В самом конце декабря, в канун Рождества Наталья Николаевна почувствовала первые схватки. Она мучилась почти трое суток, с трудом разрешилась мертвым младенцем, сама была на волосок от смерти. И еще долгие месяцы приходила в себя, почти не вставая с постели. Пушкин, приготовившийся уже к самому худшему, горячо возблагодарил небеса за спасение жены. Но врача так и не пригласили.
И уже поздней весною пришло письмо из Петербурга от друга Плетнева, теперь издателя журнала «Современник». Он жаловался на то, что дела журнала плохи, подписчиков не прибавляется и даже заявленное в последнем номере начало публикации «Истории России» пера Александра Сергеевича, никого особо не заинтересовало.
«У нас сейчас в большой моде Михаил Лермонтов. Поручик вернулся с Кавказа в отпуск на месяц, и вот уже почитай полгода кочует по светским гостиным, читая свои произведения, одно другого мрачнее. Хотя „Тамбовская казначейша“ его и мила, но, с моей точки зрения, сие есть лишь бледная копия твоего „Графа Нулина“. Публика, впрочем, в восторге, да ты сам оценишь поэмку господина Лермонтова, кою к письму прилагаю…»
За ужином Пушкин был необычно хмур и неразговорчив.
Все написанное он, наконец, перебелил и отправил в столицу государю, сопроводив почтительным письмом. И надеялся, что им и трудами его останутся довольны.
Ближе к осени Пушкин заговорил о том, что на зиму надо бы поехать в Москву — поработать все-таки в архивах. Но Наталья Николаевна ехать категорически отказалась. Она сильно изменилась, от прежней красоты и воздушности следа не осталось. И постоянно недомогала. Их супружеская близость после тех злосчастных родов так и не возобновилась.
Врача к Наталье Николаевне из Нижнего Новгорода все-таки пригласили. Приговор доктора был однозначен: детей госпоже Пушкине больше нельзя иметь категорически. Покой, необременительные прогулки, никаких дальних поездок.

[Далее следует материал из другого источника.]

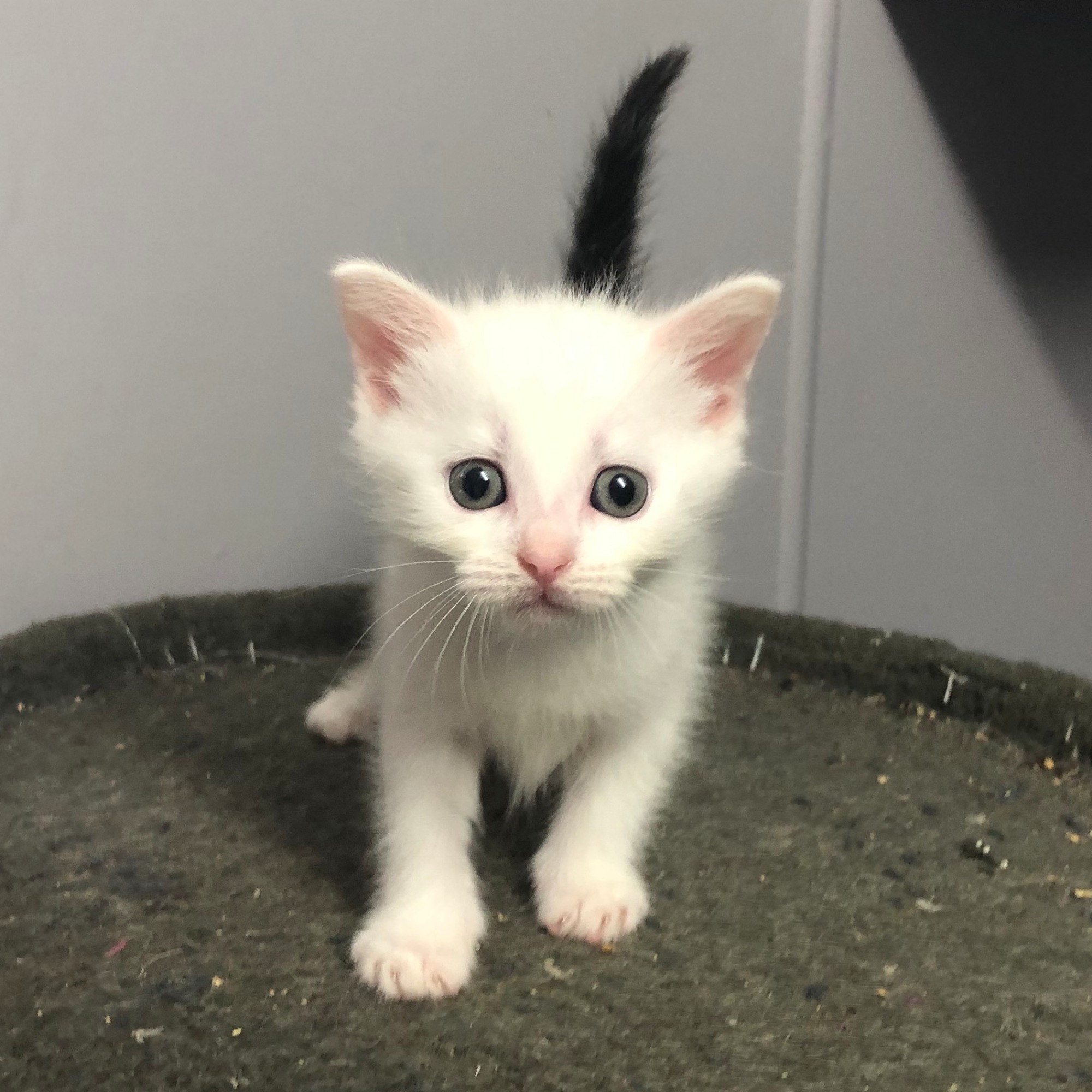 I am a healthy, happy and friendly young kitten who is looking for a forever home. I am a stunning young lady. I am predominately white with a cool black spot on my belly and black tail.

Хотя Пушкин с женой и так давно уже не спал в одной постели — окончательно перебрался в свой кабинет.
Пришел, наконец, номер «Современника» с первой публикацией его «Исторических записок». Он было начал читать, да через пару страниц бросил — скучно. Вот ежели бы как Вальтер Скотт — исторический роман написать. Тут бы все читать бросились.